Hyper-V Replica, since it’s first release has been agnostic to the application and guest OS. However certain capabilities were unavailable on non-Windows guest OS in it’s initial avatar. With Windows Server 2012 R2, we are tightly integrated with non-Windows OS to provide file-system consistent snapshots and inject IP addresses as part of the failover workflow.
Extended Replication
You can now ‘extend’ your replica copy to a third site using the ‘Extended replication’ feature. The functionality provides an added layer of protection to recover from your disaster. You can now have a replica copy within your site (eg: ClusterA->ClusterB in your primary datacenter) and extend the replication for the protected VMs from ClusterB->ClusterC (in your secondary data center).

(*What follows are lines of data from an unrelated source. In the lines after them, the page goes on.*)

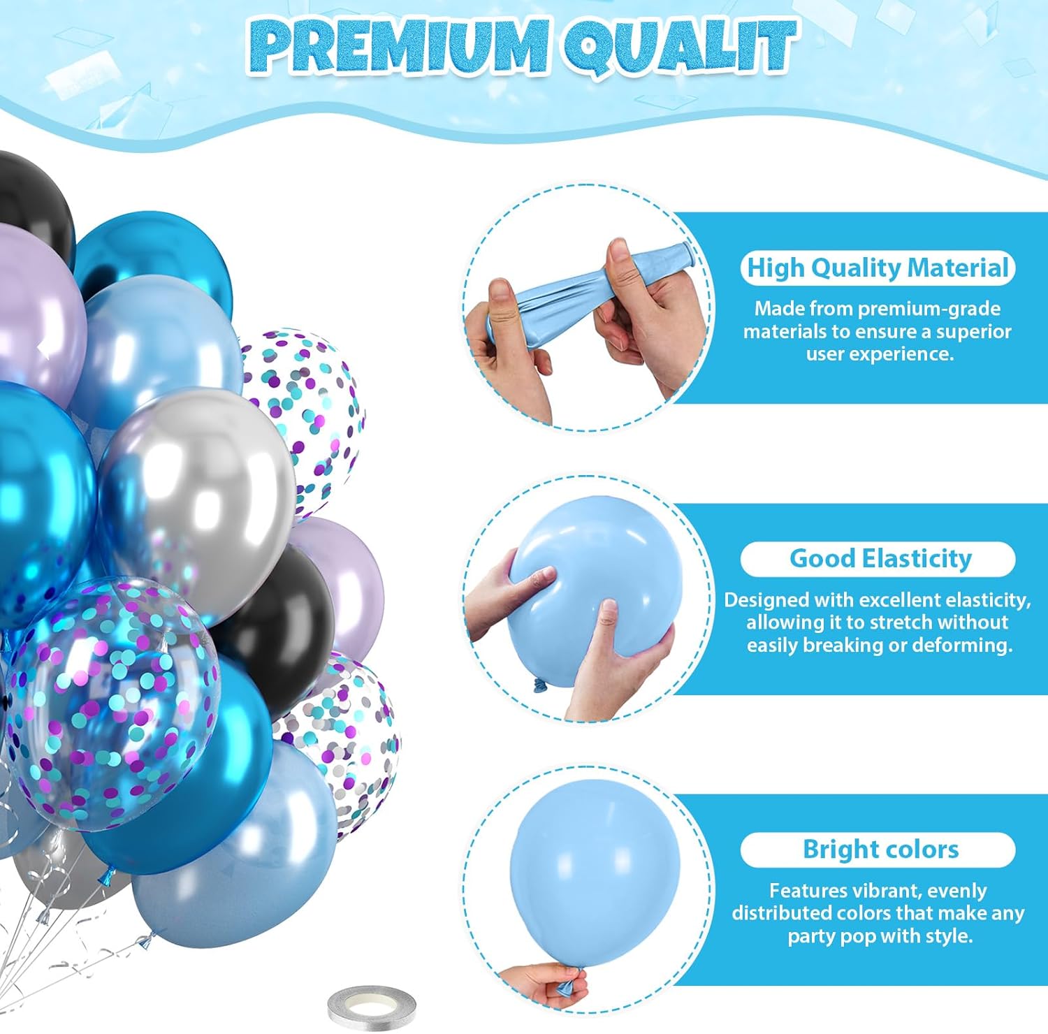 Blue Black Purple Balloons, 60pcs Outer Space Balloons, Metallic Preal Blue Black Silver Balloon Teal Purple Confetti Balloon For Birthday Baby Shower Space Theme Party Wedding Bachelorette Decoration
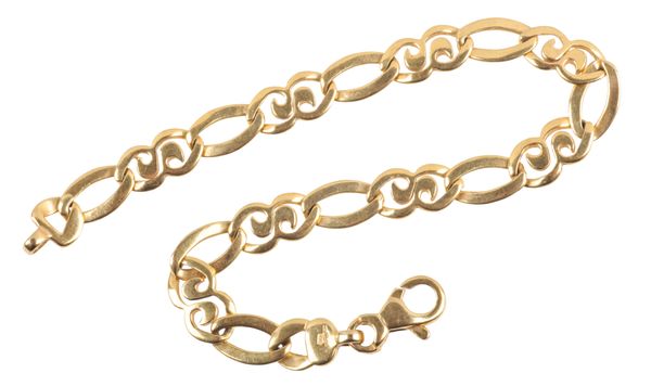 A 9CT GOLD FLAT FANCY LINK NECKLACE
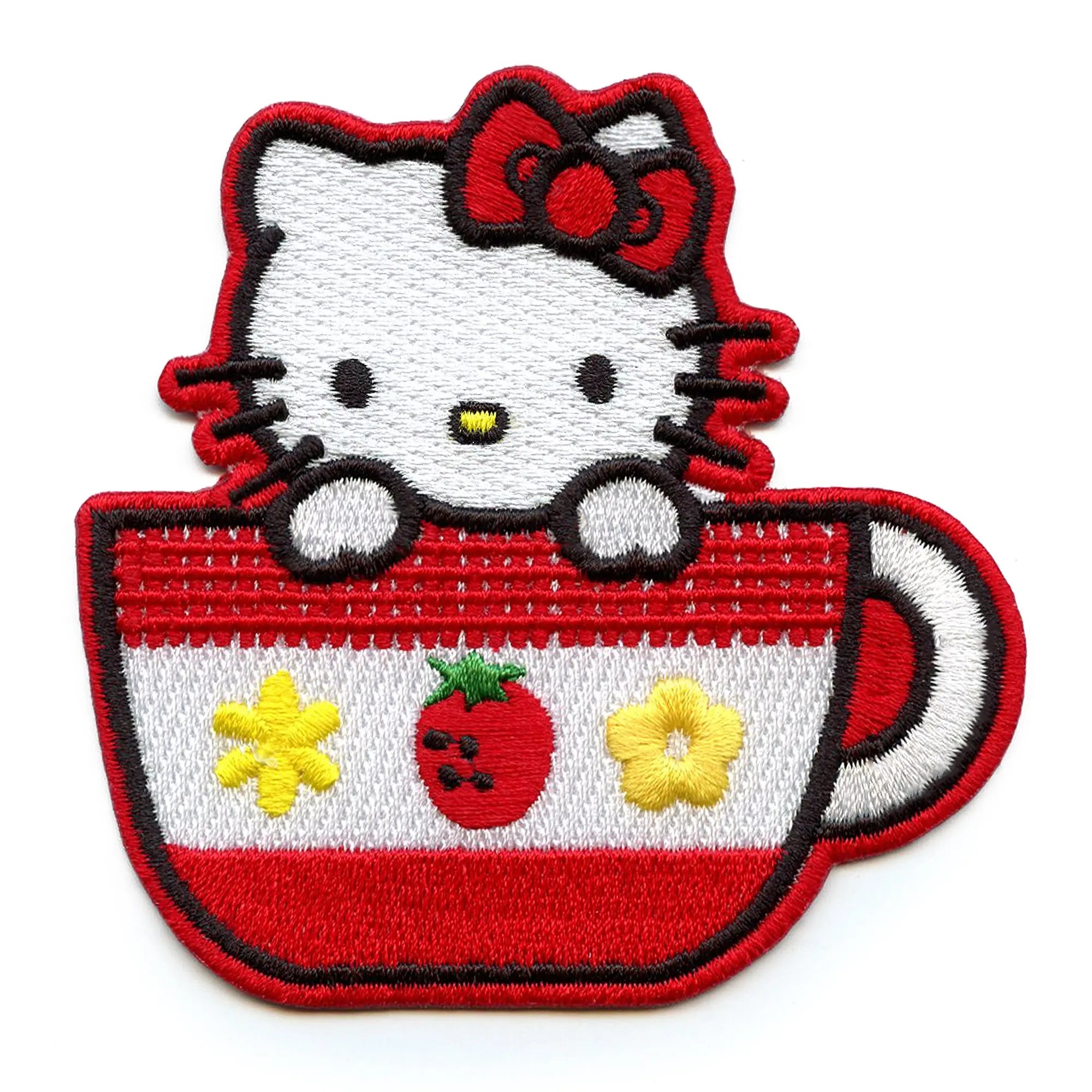 Hello Kitty Tea Cup Iron On Embroidered Patch
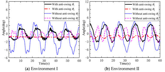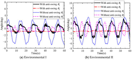 It can be seen from Figure 12a that, in environment I without anti-swing control, the maximum in-plane and out-of-plane angles of the DMP are −5.05° and −1.22°, respectively, while with anti-swing control, the maximum in-plane and out-of-plane angles are 1.54° and −0.90°, respectively. The flexible cable parallel anti-swing system has an anti-swing effect of 69.5% and 25.8% on the in-plane and out-of-plane angles of the DMP with regular geometric shape and mass distribution, respectively. It can be seen from Figure 12b that, in environment II without anti-swing control, the maximum in-plane and out-of-plane angles of the DMP are −6.64° and −3.41°, respectively, and when there is anti-swing control, the maximum in-plane and out-of-plane angles are −4.09° and −1.41°, respectively. Furthermore, the flexible cable parallel anti-swing system has an anti-swing effect of 38.4% and 58.6% on the in-plane and out-of-plane angles of the DMP with regular geometric shape and mass distribution, respectively. In summary, the flexible cable parallel anti-swing system has a good swing suppression effect on the DMP with regular shape and mass distribution.

To recover from a disaster in ClusterA, you can now quickly failover to the VMs in ClusterB and continue to protect them to ClusterC. More on extended replication capabilities in the coming weeks.
Performance Improvements
Significant architectural investments were made to lower the IOPS and storage resources required on the Replica server. The most important of these was to move away from snapshot-based recovery points to “undo logs” based recovery points. These changes have a profound impact on the way the system scales up and consumes resources, and will be covered in greater detail in the coming weeks.
Online Resize
In Windows Server 2012 Hyper-V Replica was closely integrated with the various Hyper-V features such as VM migration, storage migration etc. Windows Server 2012 R2 allows you to resize a running VM and if your VM is protected – you can continue to replicate the virtual machine without having to re-IR the VM.
Hyper-V Recovery Manager
We are also excited to announce the paid preview of Hyper-V Recovery Manager (HRM)(http://blogs.technet.com/b/scvmm/archive/2013/10/21/announcing-paid-preview-of-windows-azure-hyper-v-recovery-manager.aspx). This is a Windows Azure Service that allows you to manage and orchestrate various DR workflows between the primary and recovery datacenters. HRM does *not* replicate virtual machines to Windows Azure – your data is replicated directly between the primary and recovery datacenter. HRM is the disaster recovery “management head” which is offered as a service on Azure.